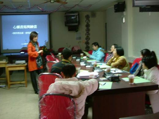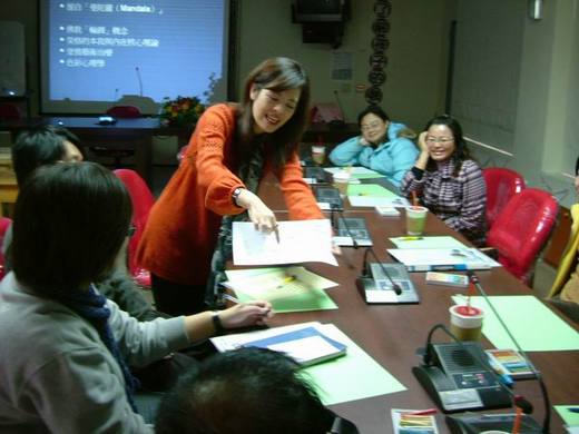 工作人員拿出一盒盒粉蠟筆和圖畫紙擺在會議桌上,一位女老師笑著脫口而出:『呵!蠟筆畫畫,好幼稚喔!』
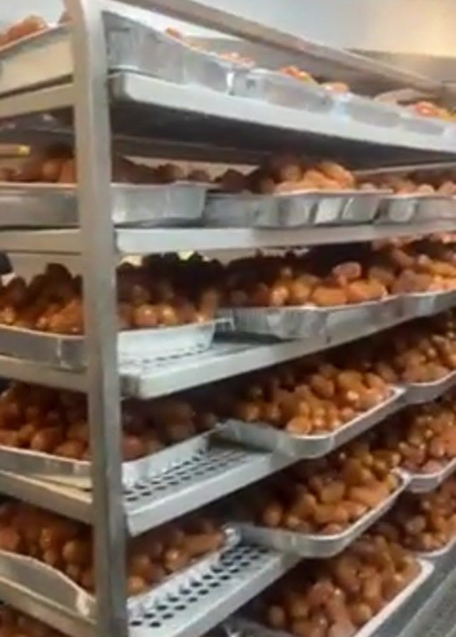 large metal rack filled with trays of small, brown, oblong pastries. The pastries are arranged neatly in individual aluminum foil trays. The rack has multiple shelves, each packed with these pastries. The camera pans upwards, showcasing the numerous layers of pastries. The scene then shifts to show a less-focused background of a workspace with a long counter, various boxes, and a pallet on the floor.
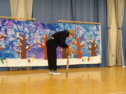 「てぶくろ」のお話の最後には、おじいさんが落とした手袋を拾いに来ました。よかったね。
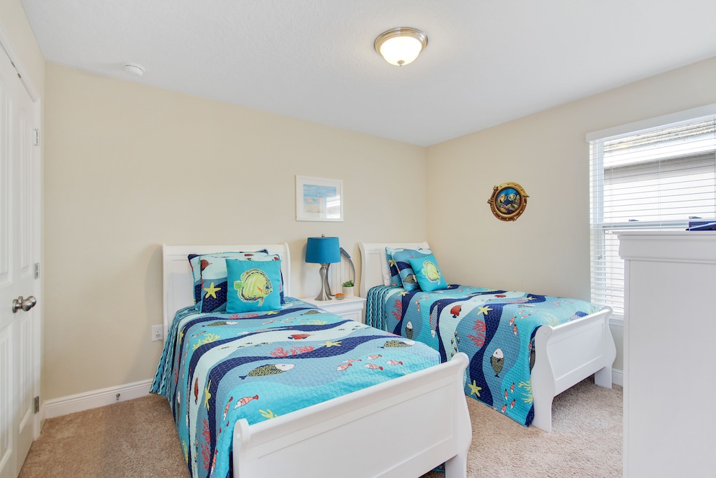 Bedroom 4 - Two Twin beds, 32" TV with a shared bathroom with Bedroom 5 (upstairs)
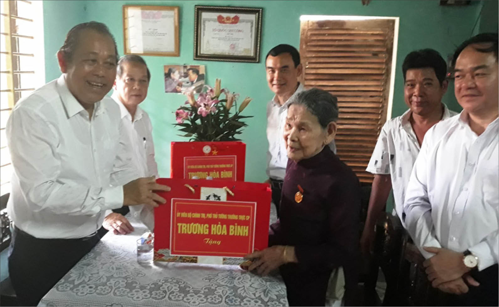 Phó Thủ tướng Thường trực Chính phủ Trương Hòa Bình thăm, tặng quà MVNAH Trần Thị Thí ở phường Thuận Thành (TP Huế)
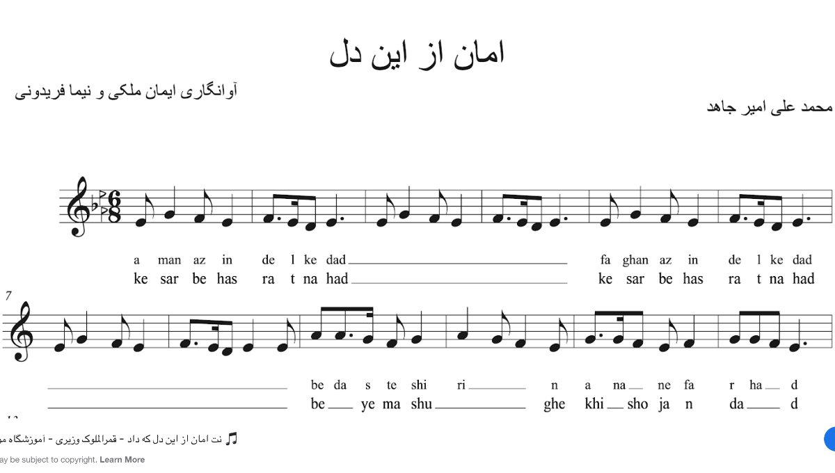 برای آشنایی با دستگاه سه گاه و تمرین تصنیف زیبای « امان از این دل » لطفا به آدرس وبسایت ما در زیر مراجعه بفرمایید

○ ○ ○ ○

§ **What is being asked**: Beginning with the line that contains "Phó Thủ tướng", print exactly every line through the end of the records, both included. Omit the pictures.

§ **Result of the exercise**:
 Phó Thủ tướng Thường trực Chính phủ Trương Hòa Bình thăm, tặng quà MVNAH Trần Thị Thí ở phường Thuận Thành (TP Huế)
 برای آشنایی با دستگاه سه گاه و تمرین تصنیف زیبای « امان از این دل » لطفا به آدرس وبسایت ما در زیر مراجعه بفرمایید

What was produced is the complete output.